Пустая рамка для TR-36 лежала на столе. Осталось только распечатать на цветном принтере фото инсталляции, вставить и повесить на стену рядом с TR-35.
“Завтра…” – подумала Алина и улыбнулась, поняв, что завтра уже наступило, за окном рассвело.
И этот бледный утренний свет ниоткуда, наполнивший мастерскую и раздвинувший её стены, заставил вспомнить то, что думалось каждый раз, когда очередной TR завершался фотографией в узкой рамке на стене. Алина подошла к дальнему правому углу мастерской. Он был пуст, и на полу в этом углу всегда лежала сухая трава.
Алина присела на корточки, глядя в угол. Её голое стройное пятидесятипятилетнее тело с холёной кожей и ещё молодой грудью замерло.
– Пустота! – скомандовала она громко.
И тут же в углу вспыхнула голограмма: смуглое черноглазое женское лицо в ореоле кудрявых чёрных волос.
– Замри, сука! – со злобой выкрикнула женщина по-русски и исчезла.
Обняв себя за колени, Алина уставилась в пустой угол. Она вся напряглась, сосредоточившись, и перестала дышать. Взгляд её карих глаз упёрся в белое пространство угла. Прошла минута. Сердце стучало, билось всё тяжелее и чаще, отдаваясь в горле и в висках. Не прошло и второй минуты, как Алина бессильно опустилась на пол и жадно задышала.
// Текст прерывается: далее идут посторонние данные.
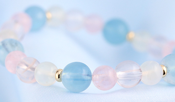 【ラスイチ】[★]完全限定品ブレス【幸せの誓いVer.4】(サンタマリアアクアマリン・マダガスカル産モルガナイト・スターローズクォーツAAA・ムーンストーンAAAA) について
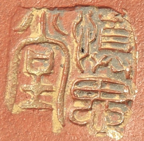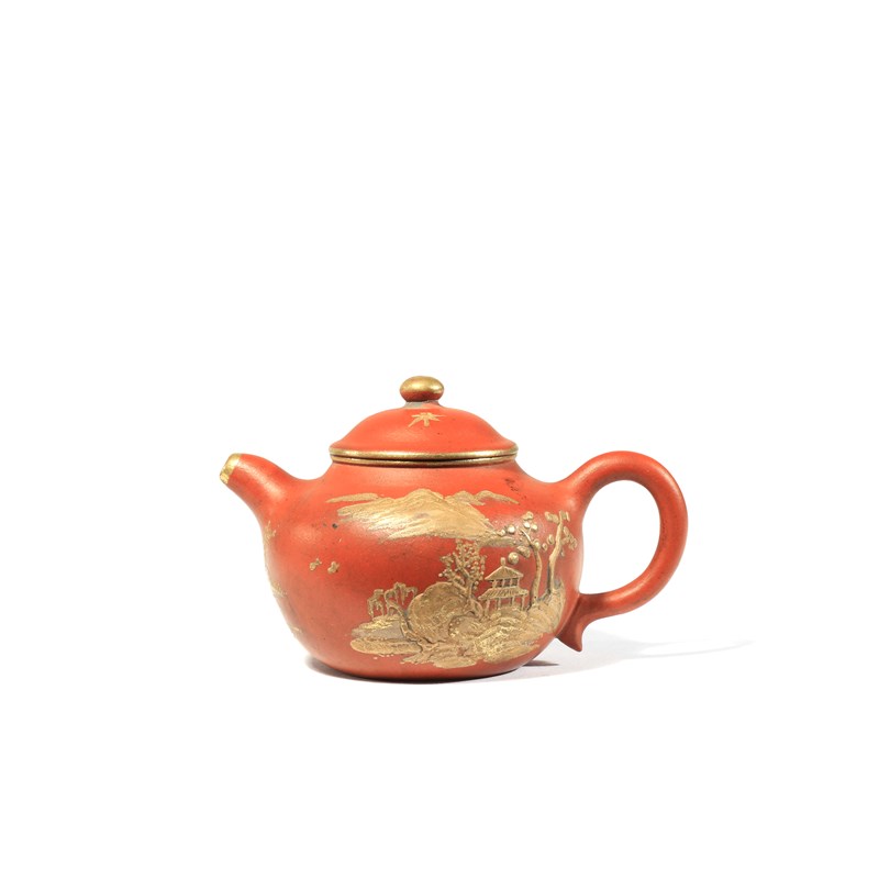 AN UNUSUAL CHINESE GILT-LACQUER DECORATED SMALL YIXING TEAPOT AND COVER 18TH CENTURY Decorated in...
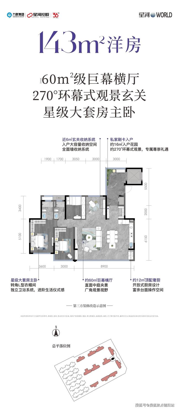 面积区间:洋房143㎡、上叠172㎡、下叠198㎡
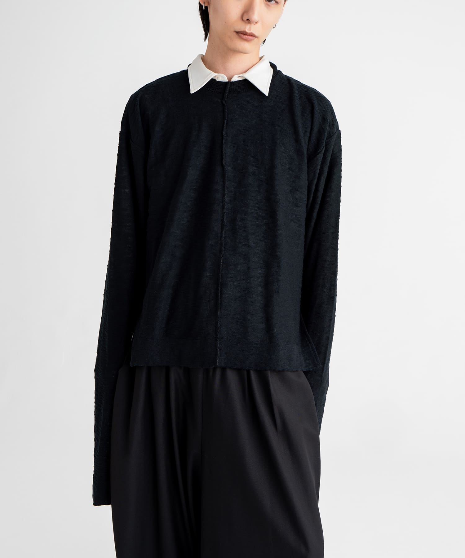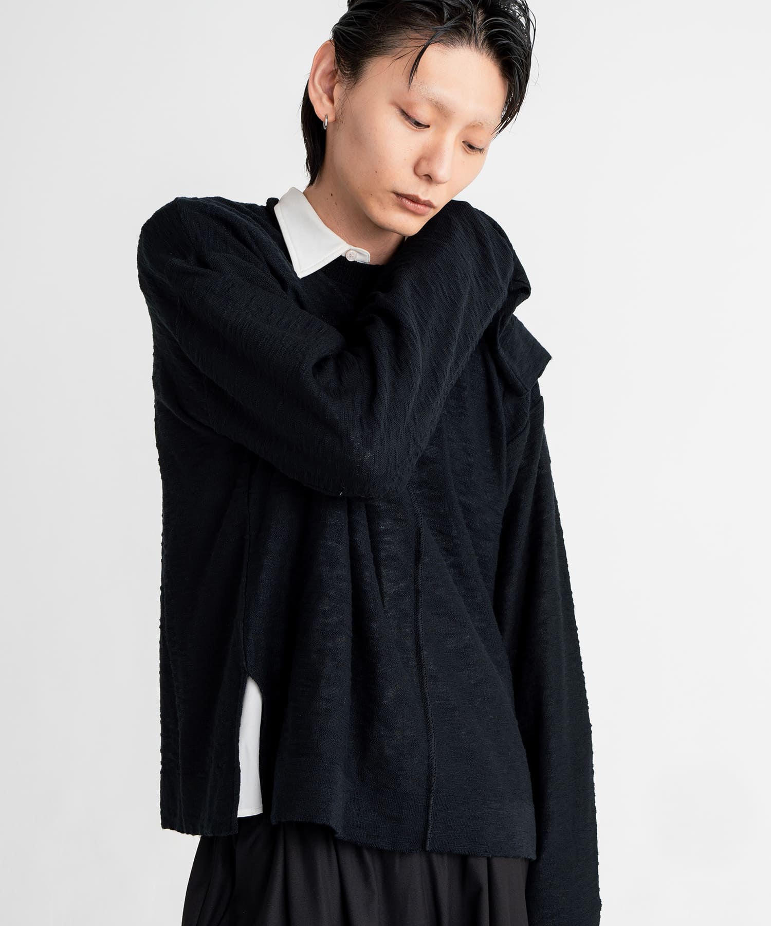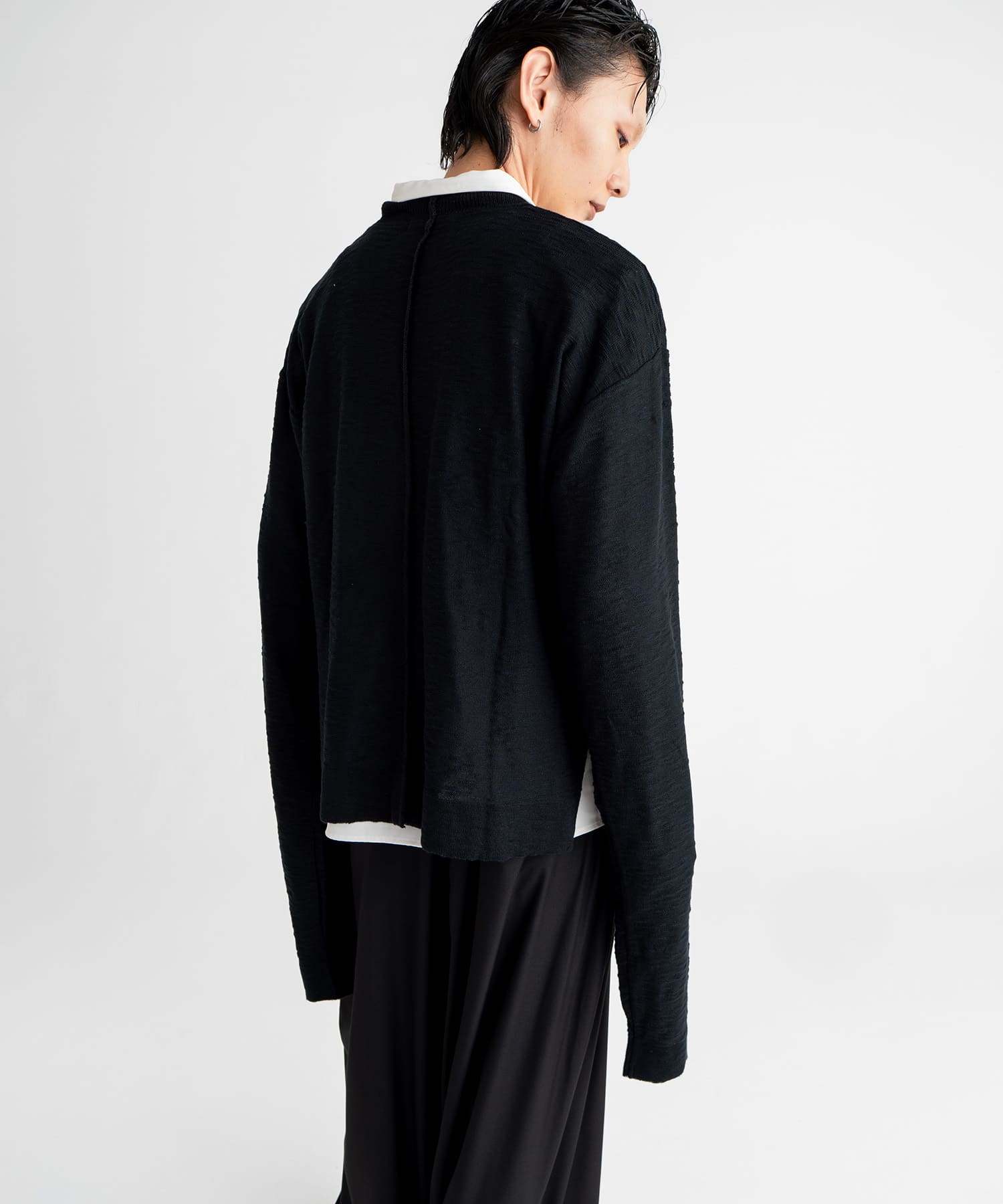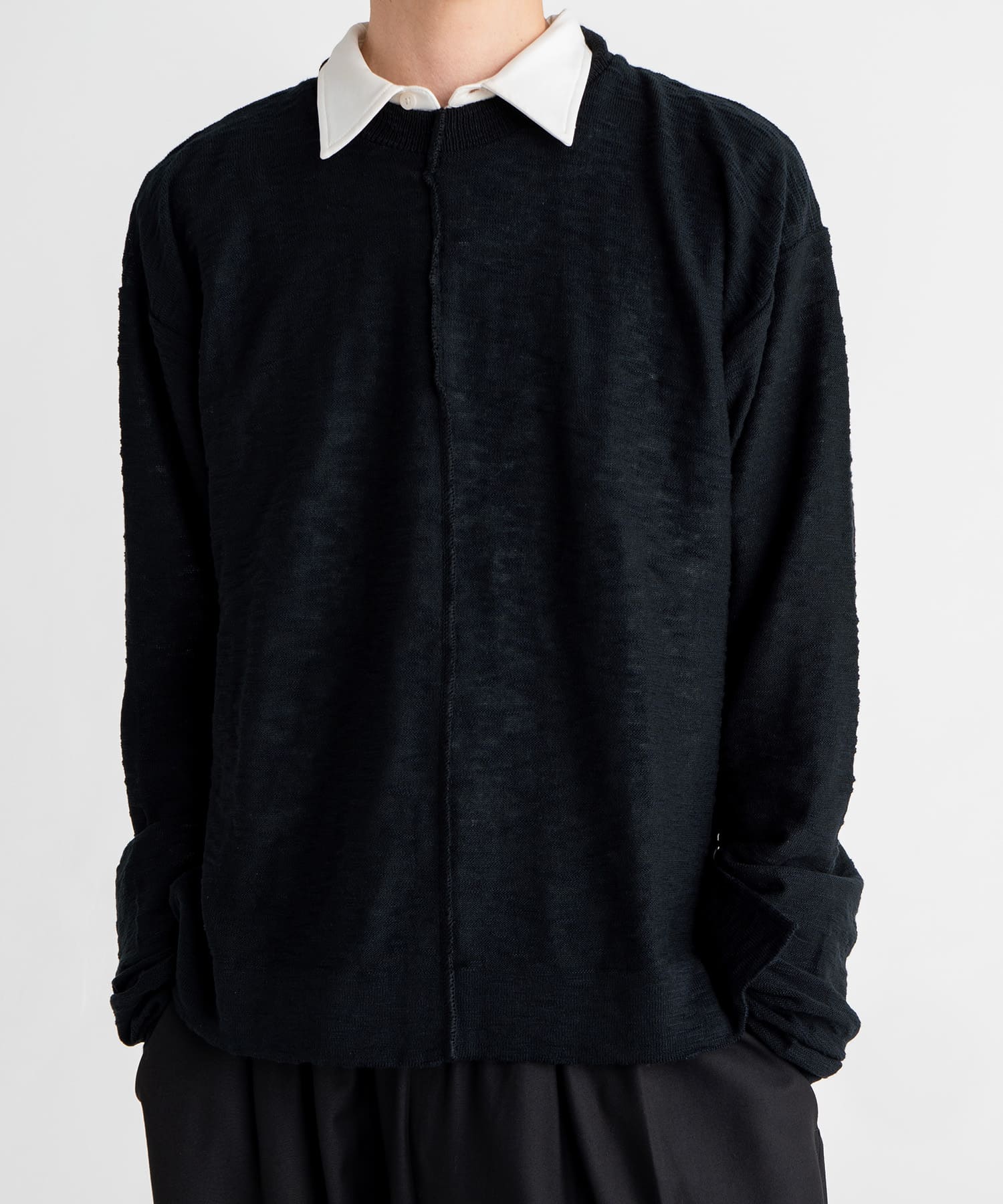 スラブ糸特有の糸の太さのムラを活かし凹凸のある独特な表情のあるニットとなっております。柔らかくストレッチ性のある素材で、ストレスフリーな着用感に仕上げました。袖丈を長くとっており、手元に生地を溜めて着用していただくとこなれた印象に仕上がります。
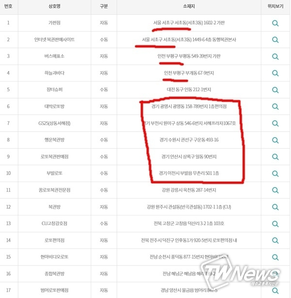 이와 함께 특정 지역과 장소에 국한돼서 로또 1등 당첨자가 나오는 것도 의문부호를 커지게 하고 있다.

Отдышавшись, подняла голову.
Глянула в угол.
Но угол был по-прежнему пуст.
Жук
Концлагерь был небольшим, на две тысячи женщин, совершивших преступления против Рейха. Восемь бараков стояли вокруг старого кирпичного здания, где были: пошивочная мастерская, прачечная, гладильная, мыловаренный цех, гараж с грузовиком и “опелем” коменданта, мехмастерская. Мужчины были: комендант лагеря, унтерштурмфюрер Мальц, его заместитель – штурмшарфюрер Тышлер, водитель Клаус, четверо ремонтников и взвод охраны СС. Надзирательницами были двенадцать женщины в форме вспомогательных войск СС. Начальниками цехов были поставлены женщины из заключённых. На кухне и в бане тоже работали заключённые; у СC, естественно, были свои повара и своя кухня. Лагерь шил солдатское исподнее, полотенца, наволочки, пододеяльники и варил мыло. Раньше семья Маришки жила в Котбусе, её отец был немец, рабочий, сочувствующий коммунистам, а мать – венгерка из-под Шопрона. Их всех арестовали в 1941-м за то, что по ночам слушали английское радио. Отец пропал. Маришку с матерью отправили сначала в большой лагерь под Мюнхеном, но потом разделили – Маришка оказалась в бельевом лагере, а мать поехала куда-то на восток. Куда – Маришка так и не узнала. К этому времени Маришке исполнилось семнадцать лет. Она работала в пошивочном цеху и шила наволочки. Однажды во время короткого обеденного перерыва, выйдя из длинного дощатого сортира, Маришка нашла на земле майского жука, положила его на липовый листок, присела на корточки и произнесла:
- Käfer, wach auf!
- flieg und lauf,
- such mir einen Bräutigam
- und bring mich drauf![1]
Маришка стала заворачивать жука в листок, чтобы, как положено, зашвырнуть его повыше в небо, но вдруг над ней раздалось зловещее:
– Ты что здесь ковыряешься, сучка?
Маришка оцепенела. Это был голос надзирательницы Ирмы по прозвищу Пружина. Вместо плётки или палки та ходила всегда с длинной узкой пружиной, вделанной в деревянную рукоятку. От этой пружины на спинах у заключённых оставались живописные синяки, похожие на татуировку. Несмотря на относительно миловидное лицо, Ирма всегда была налита злобой. Она была невысокой, с длинными руками, хранящими в сильных узловатых пальцах опыт крестьянской жизни. На Ирме была серая форма вспомогательного подразделения СС: серая пилотка, не очень длинная юбка, мужские сапоги, ремень и кобура с пистолетом.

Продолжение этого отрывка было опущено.